An interview in The Weekly Standard. I've highlighted a few portions:

AR: There is, as you recognize a “liberal tilt” in academia. And you write about it: “Non-leftist speakers are frequently disinvited after protests or drowned out by jeering mobs,” and “anyone who disagrees with the assumption that racism is the cause of all problems is called a racist.” How high are the stakes in universities? Should we worry?

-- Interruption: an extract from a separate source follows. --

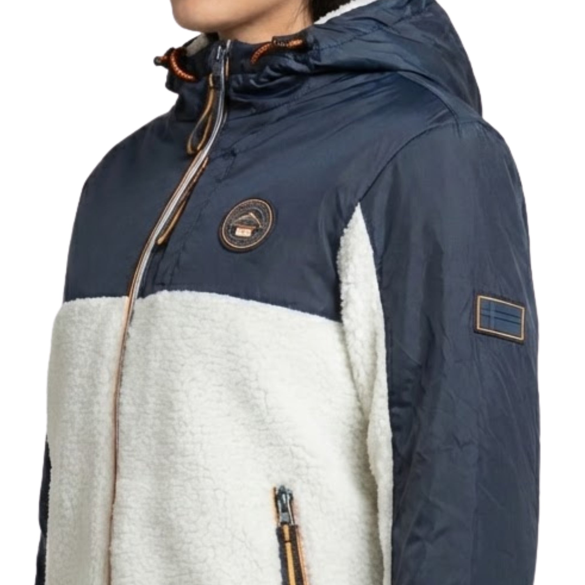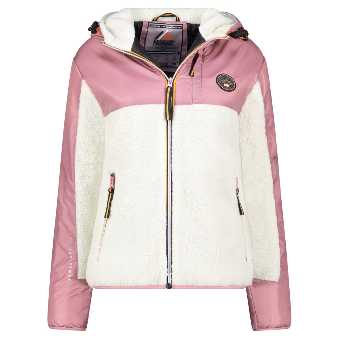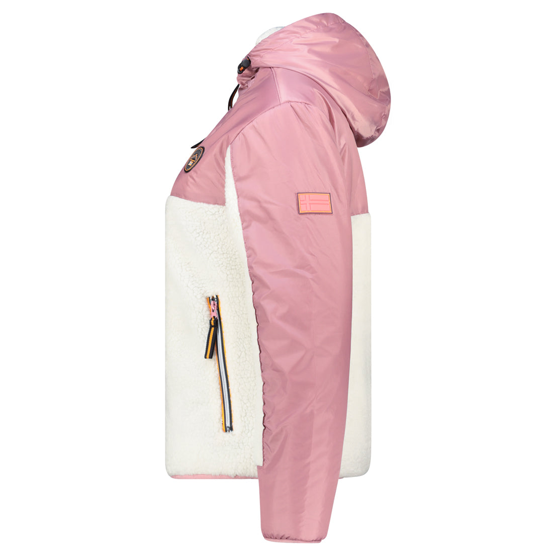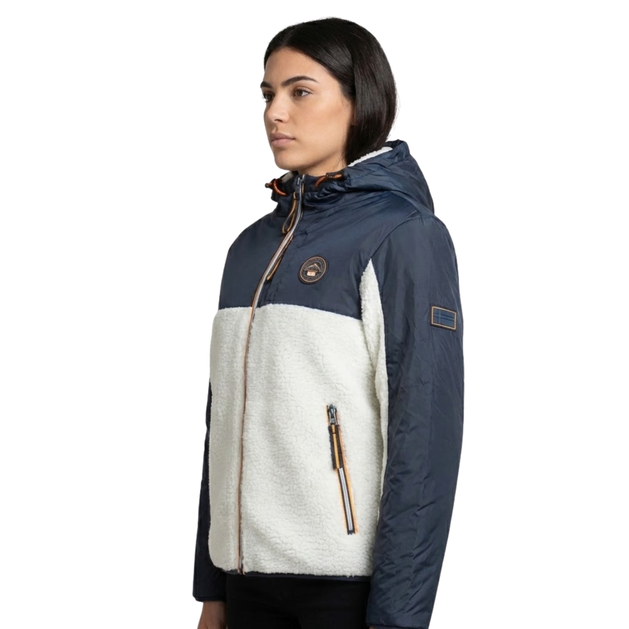 Il pile Ulyssim da donna di Geographical Norway è un modello moderno e confortevole, perfetto per la mezza stagione e per le giornate più fresche. Realizzato in un bi-materiale bicolore, vanta un design di tendenza. Presenta un cappuccio protettivo, pratiche tasche laterali e una funzionale tasca frontale. I distintivi, tra cui una bandiera sulla manica, sottolineano la sua identità unica.

SP: Yes, for three reasons. One is that scholars can’t hope to understand the world (particularly the social world) if some hypotheses are given a free pass and others are unmentionable. As John Stuart Mill noted, “He who knows only his own side of the case, knows little of that.” In The Blank Slate I argued that leftist politics had distorted the study of human nature, including sex, violence, gender, childrearing, personality, and intelligence. The second is that people who suddenly discover forbidden facts outside the crucible of reasoned debate (which is what universities should be) can take them to dangerous conclusions, such as that differences between the sexes imply that we should discriminate against women (this kind of fallacy has fueled the alt-right movement). The third problem is that illiberal antics of the hard left are discrediting the rest of academia, including the large swaths of moderates and open-minded scholars who keep their politics out of their research. (Despite the highly publicized follies of academia, it’s still a more disinterested forum than alternatives like the Twittersphere, Congress, or ideologically branded think tanks.) In particular, many right-wingers tell each other that the near-consensus among scientists on human-caused climate change is a conspiracy among politically correct academics who are committed to a government takeover of the economy. This is sheer nonsense, but it can gain traction when the noisiest voices in the academy are the repressive fanatics.